What if I broke all taboos and practiced self-love? What if I were my own one and only this Christmas Day? Knowing me as only I know me, what would I give myself as my own special someone?
What I would not plan on for myself:
- Anyone being anywhere, doing anything, or saying anything that might meet my needs or make my day. I love people but they, as I am, are human. I am alternately strong and weak, present and absent. I err. If I count on or expect others to be there for me, I risk grave disappointment. As my special someone, I wouldn’t set myself up for that possibility.
- My specific plans, no matter how carefully made or well-intentioned, working out. At 25, I thought hard thinking and hard work could make things happen and keep other things from happening. At almost 55? The universe, life in general, my own life in particular – terribly and wonderfully unpredictable. Again, as my one and only, I wouldn’t let myself believe that one and only one plan would please me.
Given those two no-nos, I open myself to whimsy.

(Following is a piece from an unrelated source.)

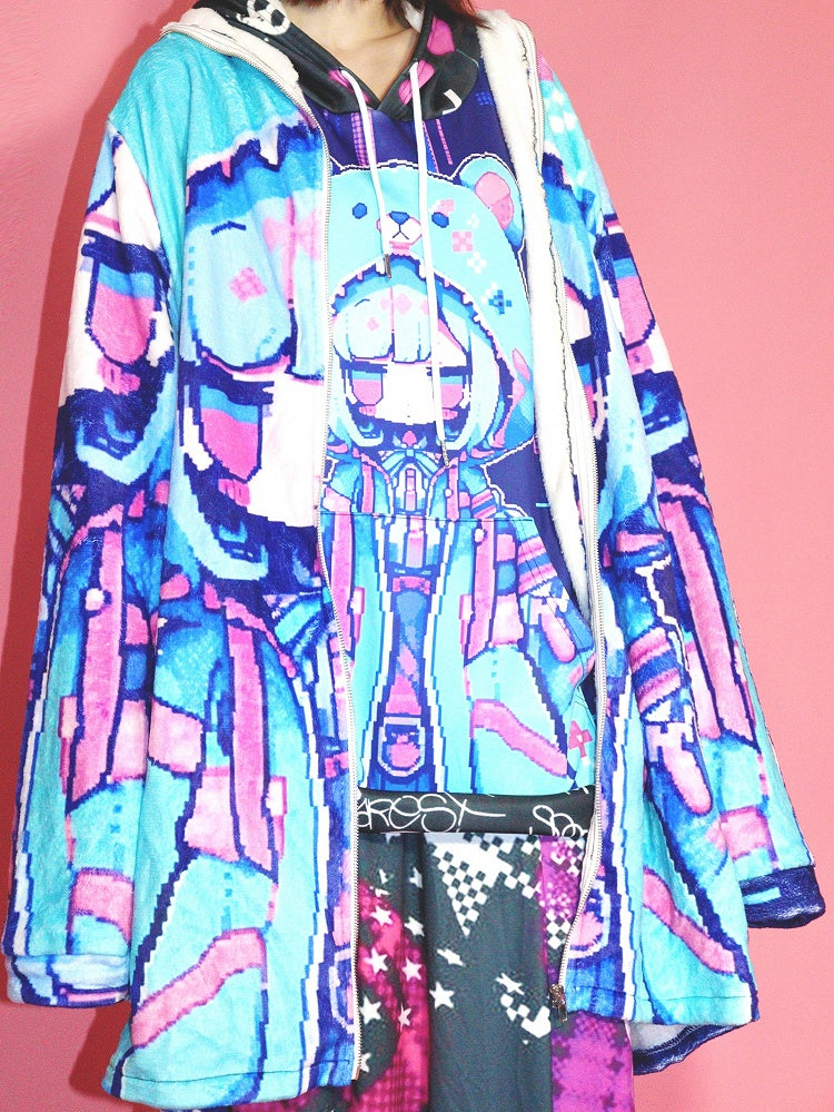 ブルーベリー Y2K ブルー フード付き ベア ジャケット プリント 漫画

Would might give me a special day?
- A big pot of tea with cream and milk
- A hot breakfast with bacon and pancakes and maple syrup
- Writing in a journal
- Cat in a lap (in the astronomically unpredictable category but it’s okay for a wish list, not a must-have list)
- Paging through a new book or magazine
- Organizing a drawer or shelf to make room for something new
- Reading something to learn something
- Playing with cats
- Taking a nap
I think I have spent many days lamenting what wasn’t or isn’t. Although I would readily and heartily give others the advice, “Love thyself!”, I find it odd and awkward to practice it myself.
But it was fun. And I feel peaceful and happy.
And I’ve already received gifts from myself – a pot of tea, writing in a journal – and a gift from the terrible, wonderful universe – not just one, but a two cat lap!
My heart feels full of love and light.